I've been trying to get agentic coding to work, but the dissonance between what I'm seeing online and what I'm able to achieve is doing my head in.
Is there real evidence, beyond hype, that agentic coding produces net-positive results? If any of you have actually got it to work, could you share (in detail) how you did it?
By "getting it to work" I mean:
* creating more value than technical debt, and
* producing code that’s structurally sound enough for someone responsible for the architecture to sign off on.
Lately I’ve seen a push toward minimal or nonexistent code review, with the claim that we should move from “validating architecture” to “validating behavior.” In practice, this seems to mean: don’t look at the code; if tests and CI pass, ship it. I can’t see how this holds up long-term. My expectation is that you end up with "spaghetti" code that works on the happy path but accumulates subtle, hard-to-debug failures over time.
When I tried using Codex on my existing codebases, with or without guardrails, half of my time went into fixing the subtle mistakes it made or the duplication it introduced.
Last weekend I tried building an iOS app for pet feeding reminders from scratch. I instructed Codex to research and propose an architectural blueprint for SwiftUI first. Then, I worked with it to write a spec describing what should be implemented and how.
The first implementation pass was surprisingly good, although it had a number of bugs. Things went downhill fast, however. I spent the rest of my weekend getting Codex to make things work, fix bugs without introducing new ones, and research best practices instead of making stuff up. Although I made it record new guidelines and guardrails as I found them, things didn't improve. In the end I just gave up.
I personally can't accept shipping unreviewed code. It feels wrong. The product has to work, but the code must also be high-quality.
I've implemented several medium-scale projects that I anticipate would have taken 1-2 weeks manually, and took a day or so using agentic tools.
A few very concrete advantages I've found:
* I can spin up several agents in parallel and cycle between them. Reviewing the output of one while the others crank away.
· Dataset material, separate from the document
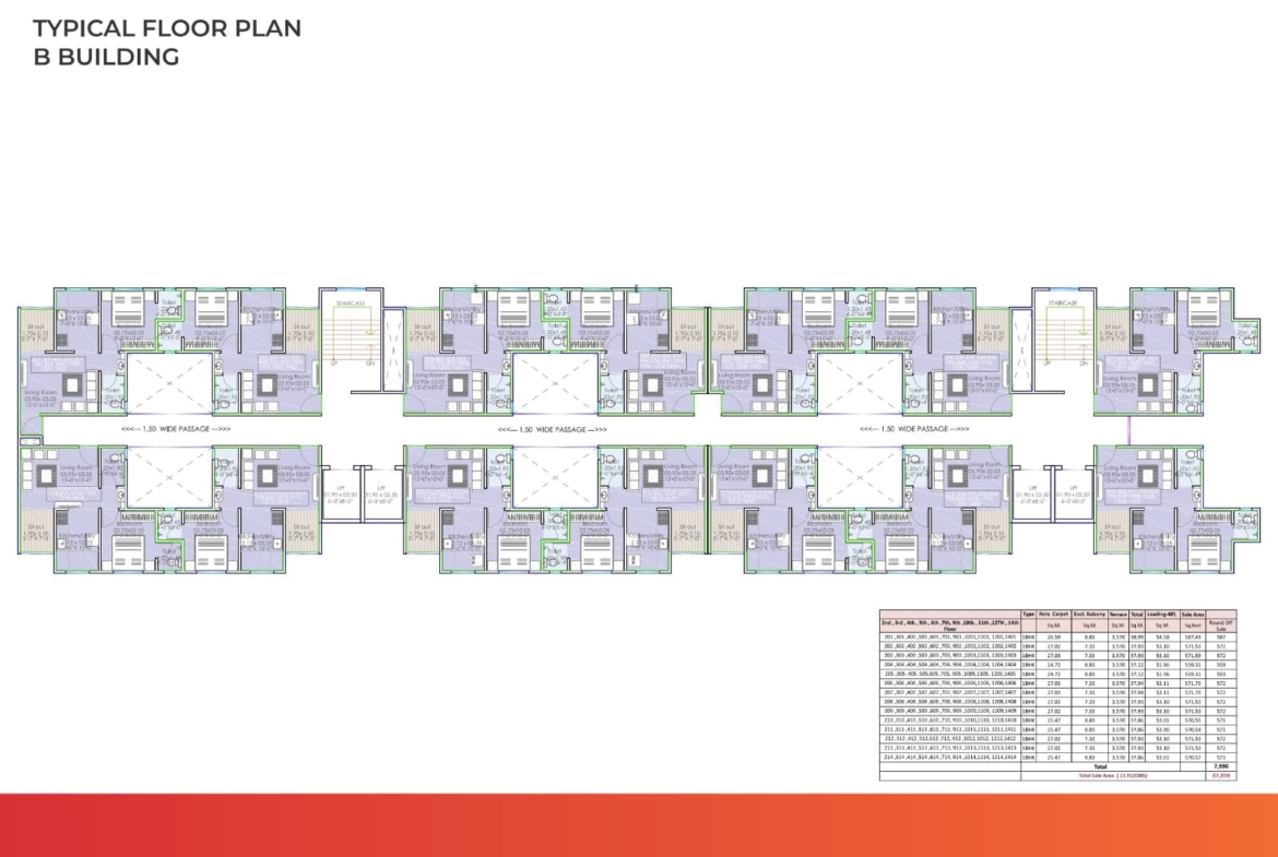 - B Building: 14 per floor

* It's greatly improved my ability in languages I'm not expert in. For example, I wrote a Chrome extension which I've maintained for a decade or so. I'm quite weak in Javascript. I pointed Antigravity at it and gave it a very open-ended prompt (basically, "improve this extension") and in about five minutes in vastly improved the quality of the extension (better UI, performance, removed dependencies). The improvements may have been easy for someone expert in JS, but I'm not.
Here's the approach I follow that works pretty well:
1. Tell the agent your spec, as clearly as possible. Tell the agent to analyze the code and make a plan based on your spec. Tell the agent to not make any changes without consulting you.
2. Iterate on the plan with the agent until you think it's a good idea.
3. Have the agent implement your plan step by step. Tell the agent to pause and get your input between each step.
4. Between each step, look at what the agent did and tell it to make any corrections or modifications to the plan you notice. (I find that it helps to remind them what the overall plan is because sometimes they forget...).
5. Once the code is completed (or even between each step), I like to run a code-cleanup subagent that maintains the logic but improves style (factors out magic constants, helper functions, etc.)
This works quite well for me. Since these are text-based interfaces, I find that clarity of prose makes a big difference. Being very careful and explicit about the spec you provide to the agent is crucial.